* _Source data_:
------------------------------------------------------------
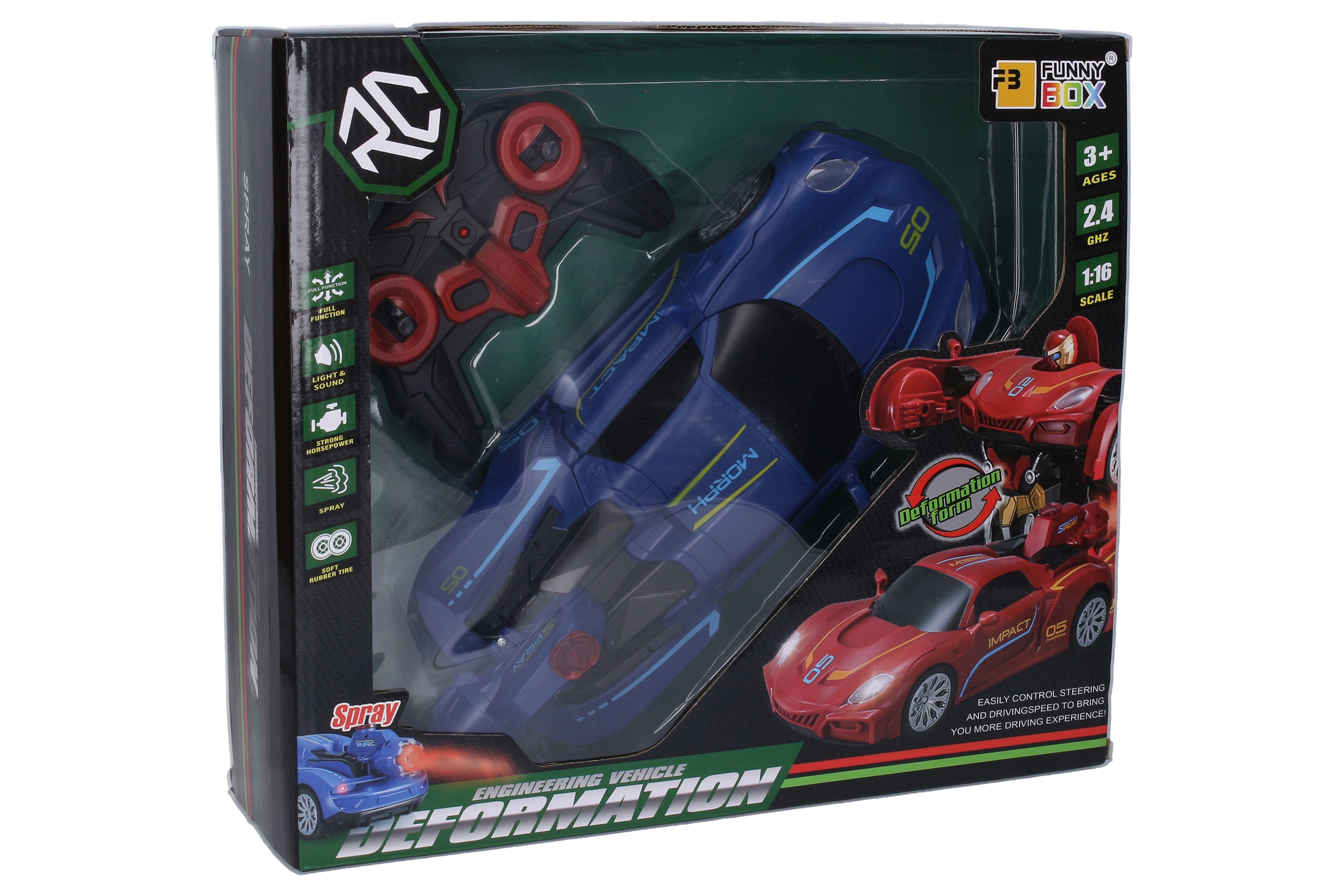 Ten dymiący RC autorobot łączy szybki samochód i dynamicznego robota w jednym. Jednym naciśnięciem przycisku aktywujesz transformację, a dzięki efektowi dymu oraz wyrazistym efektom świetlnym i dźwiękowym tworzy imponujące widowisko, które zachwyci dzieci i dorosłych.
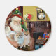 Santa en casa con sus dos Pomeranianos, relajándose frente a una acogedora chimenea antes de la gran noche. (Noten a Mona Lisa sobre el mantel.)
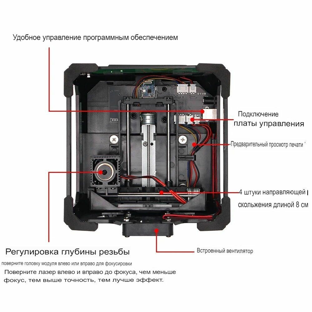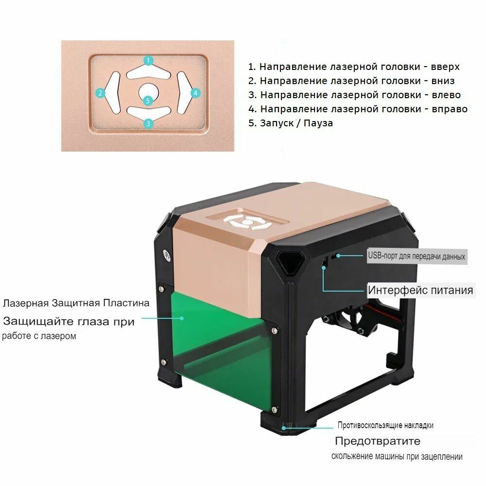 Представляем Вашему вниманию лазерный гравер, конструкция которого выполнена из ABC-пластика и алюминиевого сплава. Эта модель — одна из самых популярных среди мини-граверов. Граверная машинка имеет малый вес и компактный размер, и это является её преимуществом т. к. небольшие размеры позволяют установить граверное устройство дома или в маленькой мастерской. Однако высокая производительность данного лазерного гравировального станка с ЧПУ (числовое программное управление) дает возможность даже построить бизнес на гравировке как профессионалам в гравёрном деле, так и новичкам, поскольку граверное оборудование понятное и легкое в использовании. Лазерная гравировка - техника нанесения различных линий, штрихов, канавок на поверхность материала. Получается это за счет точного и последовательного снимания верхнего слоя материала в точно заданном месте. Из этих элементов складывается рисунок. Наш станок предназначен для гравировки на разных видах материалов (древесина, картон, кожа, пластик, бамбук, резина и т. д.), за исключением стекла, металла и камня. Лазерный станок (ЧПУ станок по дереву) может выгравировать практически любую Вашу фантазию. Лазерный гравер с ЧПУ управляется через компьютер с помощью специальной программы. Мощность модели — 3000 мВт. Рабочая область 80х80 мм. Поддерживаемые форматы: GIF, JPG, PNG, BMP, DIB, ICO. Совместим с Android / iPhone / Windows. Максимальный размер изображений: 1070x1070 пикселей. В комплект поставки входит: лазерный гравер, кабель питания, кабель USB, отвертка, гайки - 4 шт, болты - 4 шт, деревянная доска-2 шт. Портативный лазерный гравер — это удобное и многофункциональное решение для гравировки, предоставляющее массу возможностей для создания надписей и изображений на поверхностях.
------------------------------------------------------------
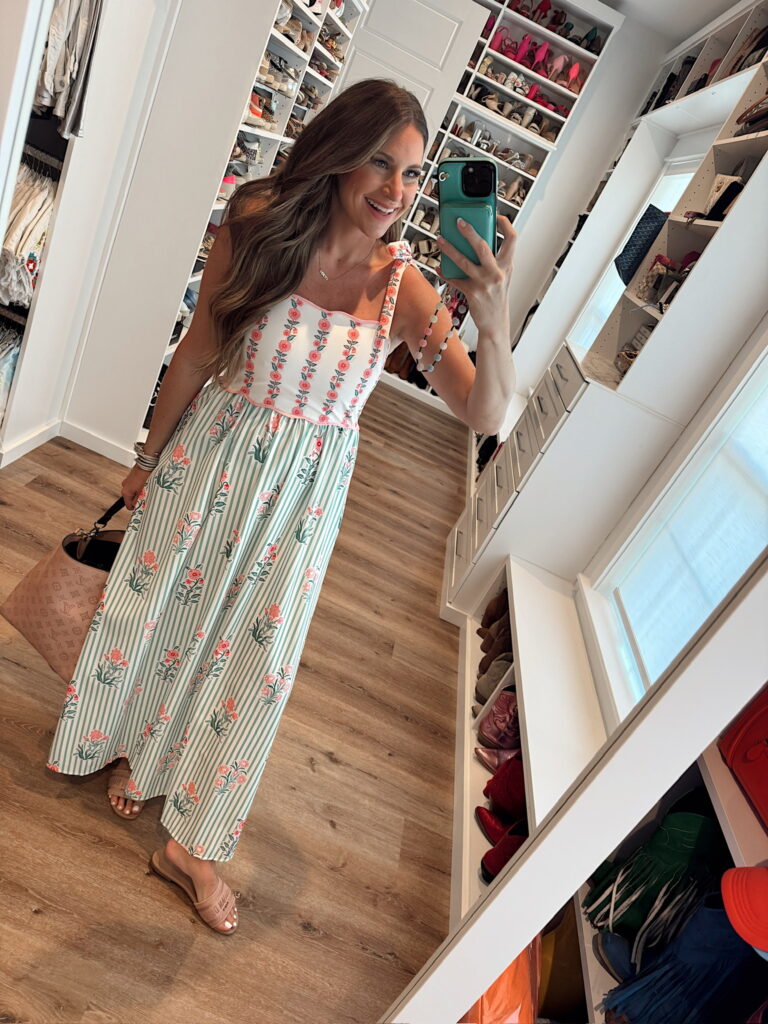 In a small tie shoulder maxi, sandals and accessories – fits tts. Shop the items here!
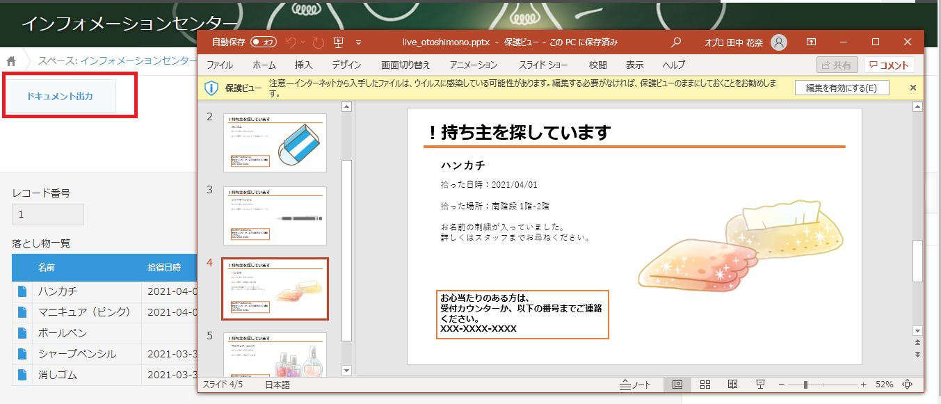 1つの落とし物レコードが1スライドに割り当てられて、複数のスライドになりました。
------------------------------------------------------------
Only the lines above starting with the line with "Ten dymiący RC" and going on through the line with "Santa en casa" belong in the answer; repeat them exactly, minus any picture.

* _Task response_:
 Ten dymiący RC autorobot łączy szybki samochód i dynamicznego robota w jednym. Jednym naciśnięciem przycisku aktywujesz transformację, a dzięki efektowi dymu oraz wyrazistym efektom świetlnym i dźwiękowym tworzy imponujące widowisko, które zachwyci dzieci i dorosłych.
 Santa en casa con sus dos Pomeranianos, relajándose frente a una acogedora chimenea antes de la gran noche. (Noten a Mona Lisa sobre el mantel.)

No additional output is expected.